When I was a kid, The Sword in the Tree -- a book about a young boy in King Arthur's time -- was one of my favorite books. I suspect that like all children I struggled with feelings of powerlessness, and dreamed of being able to pull off feats that adults could not. We don't tend to lose that longing as we age; even when I graduated to King Arthur, my favorite part was always the moment when he pulled the sword from the stone. Excalibur, wasn't it?
A quick glance at the Wiki tells me the origin of the word Excalibur is Celtic, a blend of "battle" and "breach" (in the sense of cut or gap). So that carries me to Shakespeare's Henry V, and his famous rallying cry, "Once more into the breach, dear friends." And doesn't that just make you picture him charging forward with his sword raised over his head, encouraging his troops to follow him into battle?

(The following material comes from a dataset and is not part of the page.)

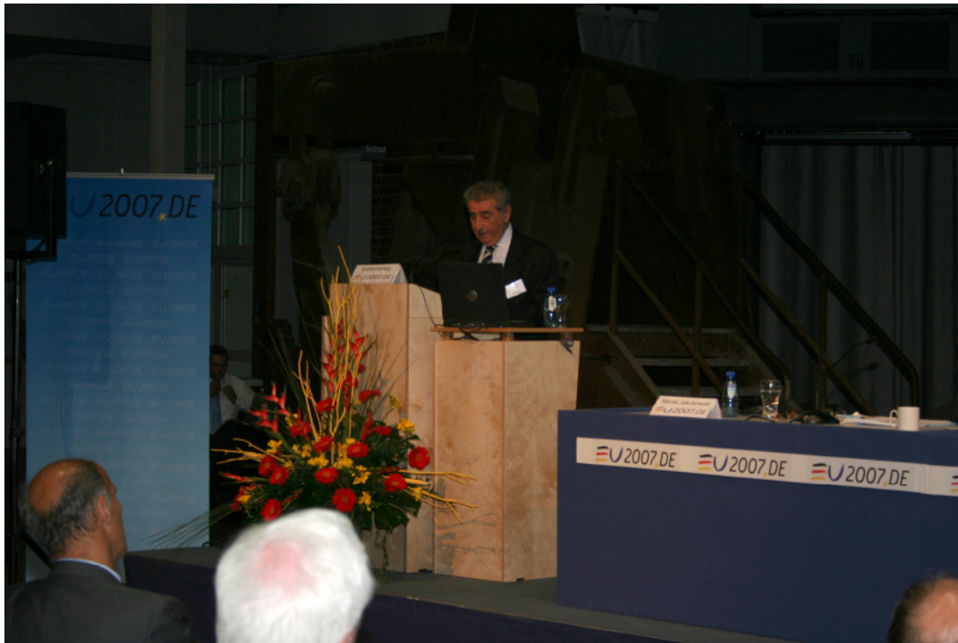
Vito Foá, chairman of the European Scientific Committee on Occupational Exposure Limits (SCOEL), Milano, Italy

I think all this is rising up because of something I read this morning in The Dove in the Stone, when author Alice Howell speaks of "the necessity to yoke the opposites of dualities rather than to choose one side over the other, to hold on to both of them consciously and heal the splits apparent in the world within our own individual psyches, no matter how deep or how awful the pain of it. This is the nature of the Opus, the Work. Only in this way can we hope to love and heal our world: through working on our own stuff."
Reading this -- in the context of knowing I am still curious about what my own particular Opus might be -- I feel the words resonating with lots of pieces of me: the urge I always felt to reconcile the differences between my artist mother and engineer father; the fact that I then became an artist myself -- and married an engineer. Was I somehow battling the gap? Or just experiencing it within myself -- the left brain always so active and organized and responsible; the right so playful and reverent and creative...
A conversation I had with the Bishop in my final interview for my job as his communications director, when he asked, "Why do you want (or was it "feel called?") to do this?" and I responded that as the only child of two such different parents I always found myself bridging communication gaps; that that impulse had led me into the field of hi-tech marketing, where my role always seemed to be explaining something engineers had created to people who didn't speak that language.
And then as I spoke I remember noticing that I was standing with both arms straight out from my sides, as if to demonstrate the pull from one parent or audience to another. "Hmm. I remember saying. And does this image look familiar? Nobody ever said it would be easy!" Because, of course, in that position, I resembled Jesus on the cross...
But now, having spent the last two months first developing a talk about Contemplative Photography as an Act of Faith for Seattle U (see link on right) and then writing a paper about metaphors used to describe photography, I am beginning to understand that even though what I'm doing now seems very different from other careers I've had over the course of my life, the impulse is the same: it's really about reconciliation, in the sense of closing the gap; bringing opposites together; about removing or reconstituting or re-visioning that which separates and often wounds.
And yet we all know -- especially we women -- that it is out of that wound, that cleft, that breach that new life emerges; the new life that is somehow the co-mingling of opposites. And isn't that part of the wonder of our children -- that we see in them how characteristics we thought might prove irreconcilable find a new union, a new expression in their joining?
Hmm. Lots to ponder here...
1 comment:
Such an arresting image! It looks to me like a great stone face broken and on its side, struggling to speak.